Treatment for Large Hematoma
The treatment for a large hematoma requires immediate control of bleeding points through direct pressure, tourniquets, or hemostatic dressings, followed by appropriate fluid resuscitation with warmed blood and blood components when necessary. 1
Initial Assessment and Management
Immediate Actions
- Control obvious bleeding points using:
- Direct pressure
- Tourniquets (if appropriate)
- Hemostatic dressings
- Establish large-bore IV access (largest possible, including central access)

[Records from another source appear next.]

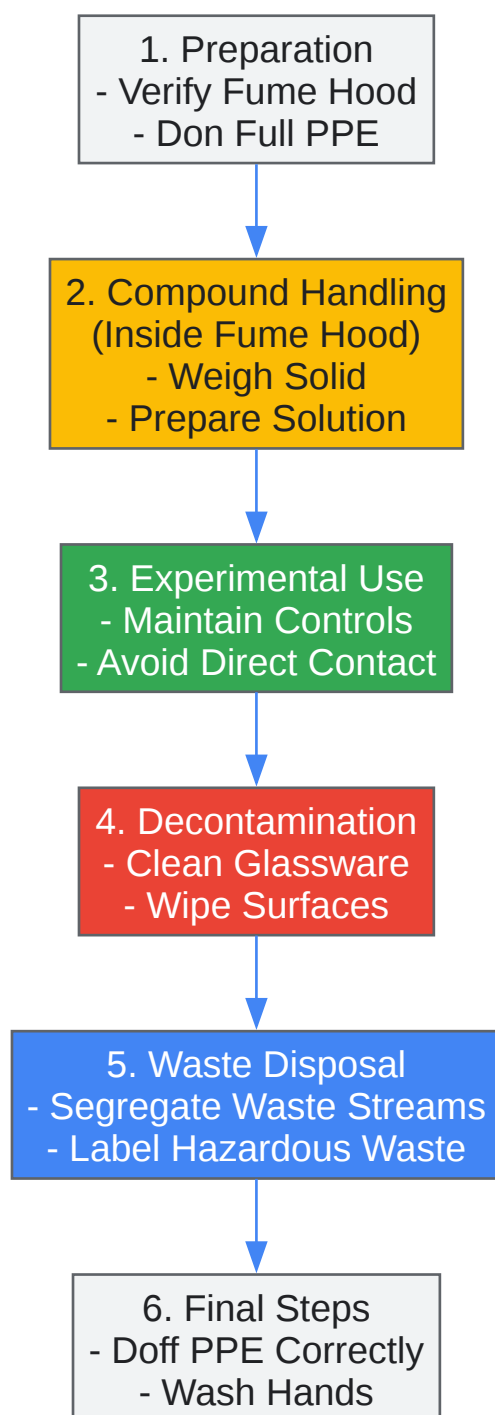
Figure 1: Safe Handling Workflow

Click to download full resolution via product page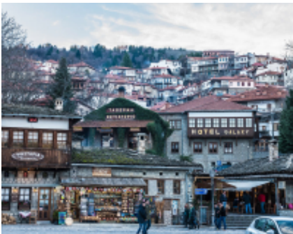
5 - Ioannina - Metsovo -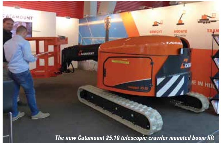
The new Catamount 25.10 telescopic crawler mounted boom lift

The Netherlands-based company is owned by Caspar van Woerden of Van Woerden Trading International, who said: "The development work has taken two years with the whole machine - including boom and undercarriage - fabricated by us in-house. Production capacity is around two units a week and we have plans for a larger machine weighing about 5,500kg and with a working height of about 12 to 13 metres."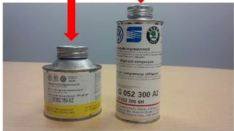
Figure 3: Compressor manufacturer specific PAG oils.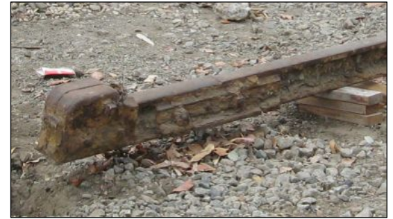
Wheel stop bolted to rail, from San Luis Obispo's roundhouse area, removed with permission of current owner Union Pacific Railroad.

Below, wheel stops at the San Luis Obispo Surfliner layover facility.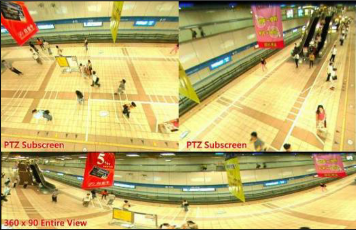
Global 2D + Two 3D-PTZ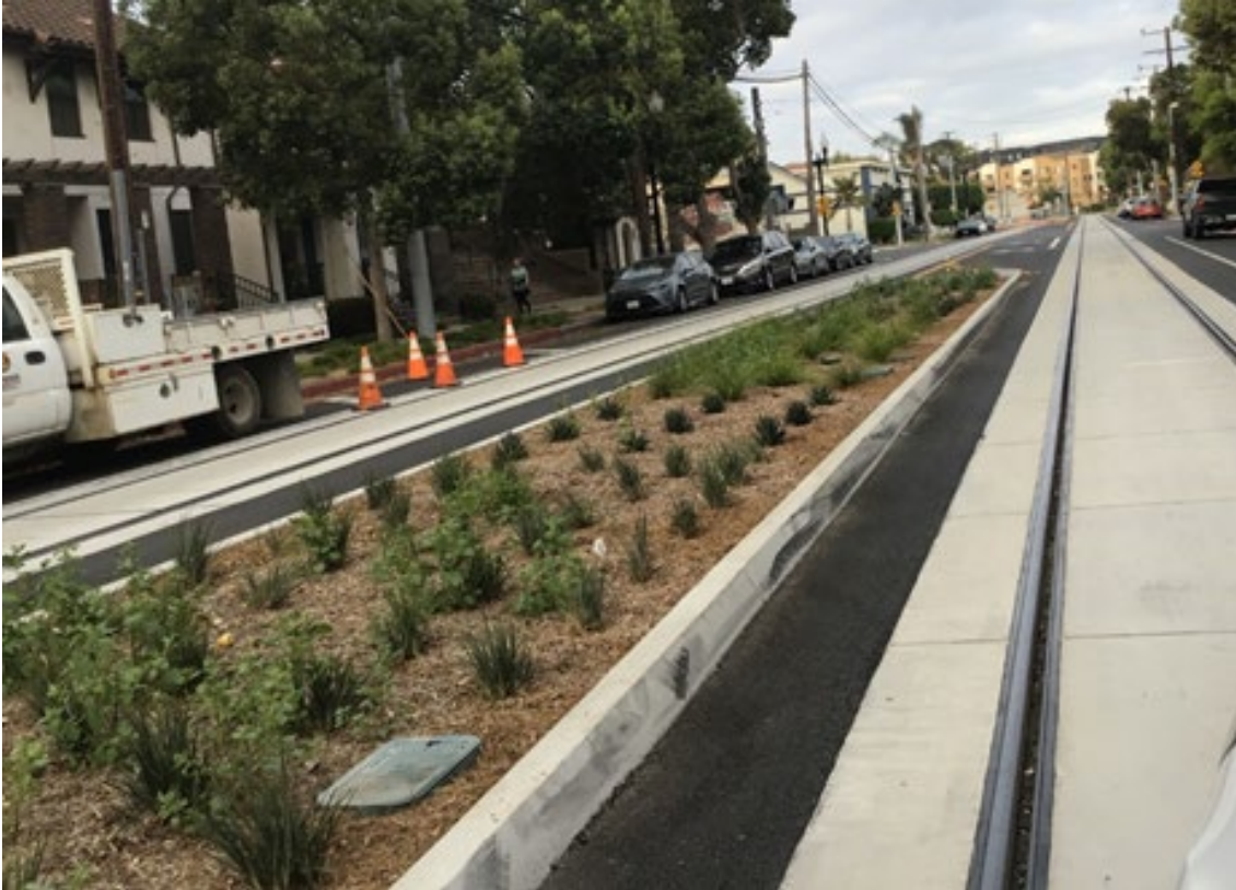
Median landscaping on Santa Ana Boulevard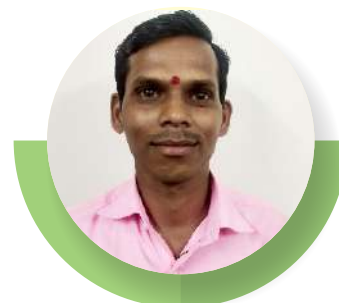
Vijay Dhapsi Vistarak, Vibhag 3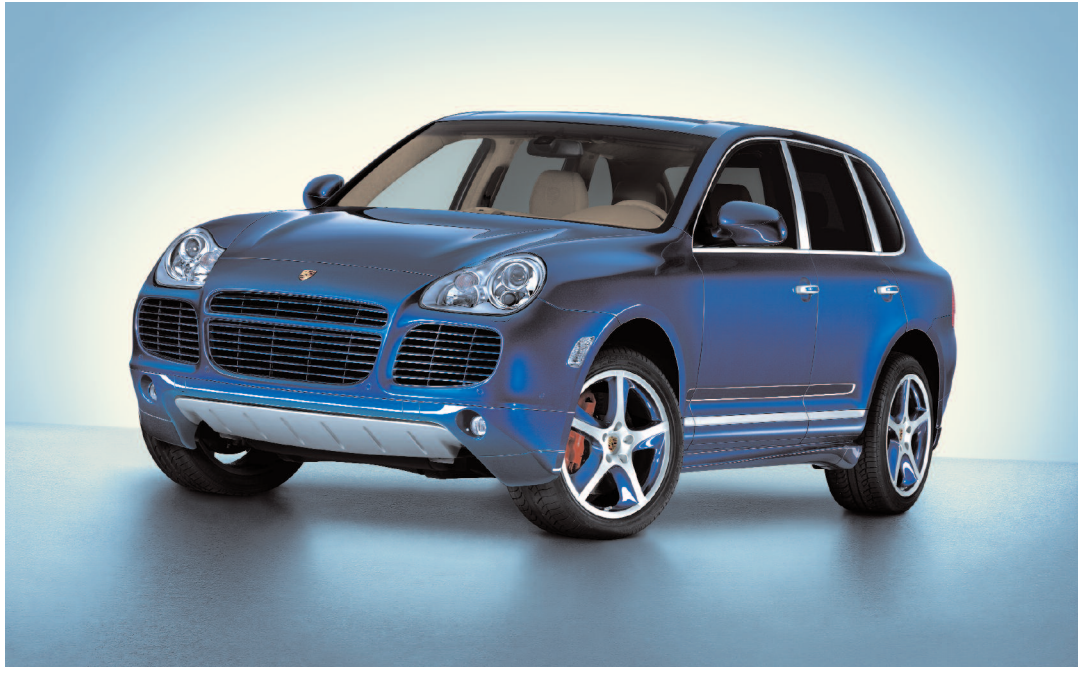
Front view with SportDesign pack and 20-inch Cayenne SportTechno wheels in exterior colour

- Obtain baseline blood tests:
- Full blood count (FBC)
- Prothrombin time (PT)
- Activated partial thromboplastin time (aPTT)
- Clauss fibrinogen
- Cross-match
- Perform rapid clinical assessment:
- Look for injury patterns
- Assess visible blood loss
- Check for signs of internal bleeding
- Evaluate vital signs (heart rate, blood pressure, capillary refill, skin color, consciousness) 1
Fluid Resuscitation
- For massive hemorrhage, use warmed blood and blood components
- Blood product administration priority:
- Group O (quickest)
- Group-specific
- Cross-matched blood
- Consider high-ratio transfusion strategy of 1:1:1 (plasma:platelets:PRBCs) for severely traumatized patients 2
- Actively warm the patient and all transfused fluids 1
Diagnostic Imaging
- Rapid access to imaging is essential:
- Ultrasound
- Radiography
- CT scan (if patient is stable enough)
- Use focused assessment with sonography for trauma (FAST) scanning when appropriate 1
Definitive Management
Surgical Intervention
- Surgery must be considered early for large hematomas causing significant symptoms or complications
- In some cases, "damage control" surgery may be necessary
- For spinal epidural hematomas, decompressive laminectomy may be required in selected cases, though conservative management with factor replacement may be sufficient in certain patients 3
- For intracerebral hematomas, stereotactic aspiration may be beneficial in selected cases 4
Non-surgical Management
- Once bleeding is controlled:
- Normalize blood pressure, acid-base status, and temperature
- Avoid vasopressors
- Provide active warming
- Treat coagulopathy aggressively if present 1
- Monitor for signs of rebleeding or hematoma expansion
Management of Coagulation Issues
- Prevent dilutional coagulopathy with early infusion of fresh frozen plasma (FFP)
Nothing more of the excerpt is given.